This reminds me of myself trying to sneeze on one occasion but then I belched instead. It felt wierd, but I laughed my ass off regardless. :laugh:


----------



## Godzilla111 (Jan 4, 2010)

I would definitely be Khorne the fact that you are a gigantic daemon with a massive sword sounds pretty cool


----------



## LordLucan (Dec 9, 2009)

Your poll only has the big four. No love for Malice (chaos god of self hatred, manifested as an anti-chaos chaos god), Hashut (the bull god of the Chaos Dwarves) Necoho (chaos god of Atheism), and so on.

I would pick Malice, because the Sons of malice are awesome!


----------



## Asmodeun (Apr 26, 2009)

I would like to point out that slaanesh is not permanent. Tzeench has the lasting power you'll need to take over the galaxy (insert cheesy grin and bleached smile).


----------



## Child-of-the-Emperor (Feb 22, 2009)

Asmodeun said:


> I would like to point out that slaanesh is not permanent. Tzeench has the lasting power you'll need to take over the galaxy.


Explain yourself


----------



## bobss (May 18, 2008)

> Your poll only has the big four. No love for Malice (chaos god of self hatred, manifested as an anti-chaos chaos god), Hashut (the bull god of the Chaos Dwarves) Necoho (chaos god of Atheism), and so on.


Normally im against GW overriding fluff, but Im so glad they put a torch to that section of fluff-history...


----------



## Khorothis (May 12, 2009)

bobss said:


> Normally im against GW overriding fluff, but Im so glad they put a torch to that section of fluff-history...


I agree, Malice looked like a Chaos version of the Dark Angels, and Necoho was a contradiction in itself: a "god" of "unbelief in gods"... lolwut? And Hashut is WHFB-only, isn't he?


----------



## LordLucan (Dec 9, 2009)

bobss said:


> Normally im against GW overriding fluff, but Im so glad they put a torch to that section of fluff-history...



Malice was in the latest BL short story collection... :biggrin:

Oh and Khorothis: A chaos god that doesn't make sense.... so? As opposed to all those sensible chaos gods like Slannesh male/female/young/eternal... or Tzeentch the god of change and disorder, yet is also a uniter of chaos...

Chaos doesn't have to make sense. Thoughts and concepts bind themselves together in the warp.
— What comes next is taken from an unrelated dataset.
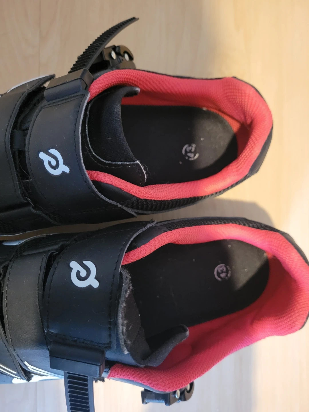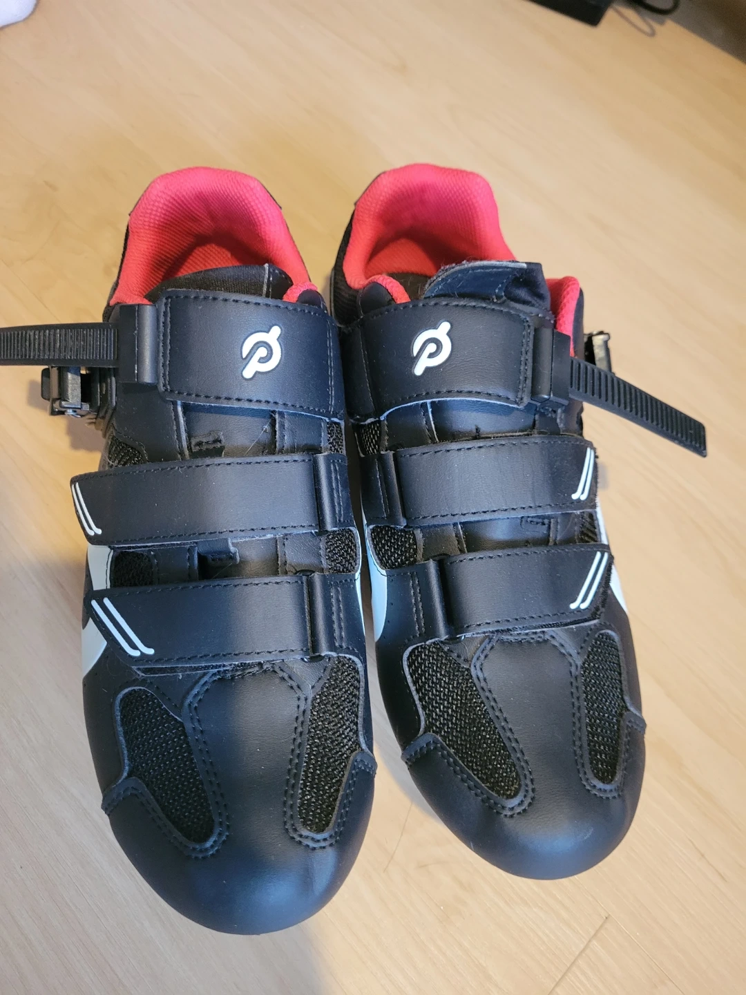 A Peloton bike and a pair of black Peloton cycling shoes. The shoes have red lining and adjustable straps. The bike features a large touchscreen display for classes. Perfect for home workouts!

There's nothing stopping a god formed from the concepts of atheism.


----------



## Khorothis (May 12, 2009)

LordLucan said:


> Malice was in the latest BL short story collection... :biggrin:
> 
> Oh and Khorothis: A chaos god that doesn't make sense.... so? As opposed to all those sensible chaos gods like Slannesh male/female/young/eternal... or Tzeentch the god of change and disorder, yet is also a uniter of chaos...
> 
> Chaos doesn't have to make sense. Thoughts and concepts bind themselves together in the warp. There's nothing stopping a god formed from the concepts of atheism.


The Four make sense, since they are based on human emotions. The rest don't fit this scheme I think, since Malal is essentially the self-destruct program of the Warp created by the Chaos Gods unintentionally with their constant squabbling amongst themselves; and Necoho feels like a god of trolls (in the IRL meaning of the word) because he exists because of people thinking there are no gods, and then he tells them that there really are no gods *while being a god*, leading to an eternal <implying> war supervised by Necoho's trollface. Does this fit with the theme created by the Four? Of course not. Unless I'm wrong.


----------



## LordLucan (Dec 9, 2009)

Liber Chaotica makes it clear that the lesser powers of chaos can be formed from concepts and ideas of like-minded souls. Necoho is the being which forms from the souls of all those doubters and sceptics who die in the warp.

Be'lakor looked like he was trying to become an independant god at one point.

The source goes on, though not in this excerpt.